AnsweredAssumed Answered

Coldfire DIVU, DIVS, REMU, REMS Execution Time

Question asked by TomE on Apr 5, 2017
Latest reply on Jul 13, 2017 by TomE

This is a question that should have been asked and answered a decade or more ago. If I'm lucky, someone has already measured this properly.


With embedded processors it is always a good idea to avoid the "divide" instructions if you need performance. They're necessarily slow [1].


I was trying to speed some code up on an MCF5235, and noticed a whole lot of divide operation. So I optimised the code to reduce the number - and the code got SLOWER as a result. So maybe they're not as slow as I though.


Time to hit the Reference Manuals. But like almost every time I do this, it seems the answer I find depends on WHICH manual I read. I don't know if the differences I'm finding are due to actual differences in the CPU implementation, or whether these are cut-and-paste problems with the manuals.


I've found three slightly different answers to these questions:


"Version 3 Coldfire Core User's Manual", "MCF5485RM.pdf"

DIVS.W, DIVU.W: 20 clocks. DIVS.L, DIVU.L, REMS.L, REMU.L: 35 clocks.


"MCF5329RM.pdf", "MCF54455RM.pdf", "MCF52277RM.pdf"

DIVS.W, DIVU.W: 20 clocks. DIVS.L, DIVU.L, REMS.L, REMU.L: <=35 clocks.


"MCF5235RM.pdf", and ditto for  MCF5271, 13, 70, 71, 75, 82

DIVS.W[1], DIVU.W[1]: 20 clocks. DIVS.L[1], DIVU.L[1], REMS.L[1], REMU.L[1]: <=35 clocks.

Note 1: For divide and remainder instructions the times listed represent the worst-case timing.
Depending on the operand values, the actual execution time may be less.


The latter one should have "<=20 as well as "<=35" to be consistent, which make me think the above differences are just due to edits in the different versions of the manuals and not in the actual chips. Or not. I don't know.


Does anyone know the dependency on the "operand values"?


Has anyone actually MEASURED the execution times of these instructions with different "operand values" to see which ones cause any "early exit"? I'm guessing "1 / 1" might run faster than one that has lots more bits, but which ones?


Note 1: Those of us who grew up with the MC68000 were particularly sensitive to this. The MC68000, running between 8MHz and a maximum of 20MHz took UP TO 158 clock cycles to calculate DIVS. MUL took up to 70 clocks, so we (and good compilers) avoided that as well. The Coldfire is way faster than that (less cycles and faster clock).

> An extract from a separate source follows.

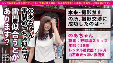 【巷で話題のレンタル彼女=恋人代行サービス。で働くアイドル級美少女<素人娘>に、ハメ撮り交渉!】※本来、性的サービスは禁止です。本日のお相手は…スラッとしていてスタイルが良い爽やか系女子!のあちゃんです。●●に着替えて貰うと「懐かしい?」と満更でもない様子ww浅草をブラブラ散策して射的したり人力車を楽しんだりと本当のカップルの様にデートを楽しみました。人通りが少ない道でベンチに座りイチャイチャしているとどことなく良い雰囲気になってきたのでぐいぐい攻めてみるとのあちゃんもノリノリになってきました♪ホテルに移動して一息ついたところでイチャイチャを再開!服の上から優しく胸を揉みながらそういう雰囲気まで持っていき…最終的に猫耳のエッチな衣装でお風呂に入ってもらうところまで成功wwそのままち○ぽをしゃぶって貰うと、丁寧にご奉仕してくれるのあちゃん。部屋に戻ってイチャイチャしつつ、のあちゃんのおま○こを指でかき混ぜたり乳首を舐めたりと攻めてみると体をビクビク震わせて感じている。正常位で挿入してゆっくり腰を振ると、突き上げるたびに良い反応をしてくれるのあちゃん。騎乗位では自らも激しく腰を振り、息を乱しながらビクビク跳ねてイッてしまったww気持ちいいセックスもして大満足の表情でホテルを後にしたのあちゃんでした♪

The above code is interesting. It shows how complicated the timing can be depending on the operands. It says the Divide operations take 10 clocks for overflow and 76-136 for DIVU, and 18 for overflow and 122-156 for DIVS. That's interesting because it flatly contradicts the MC68000 Reference Manual's assertion that "The divide algorithm used by the MC68000 provides less than 10% difference between the best- and worst-case timings".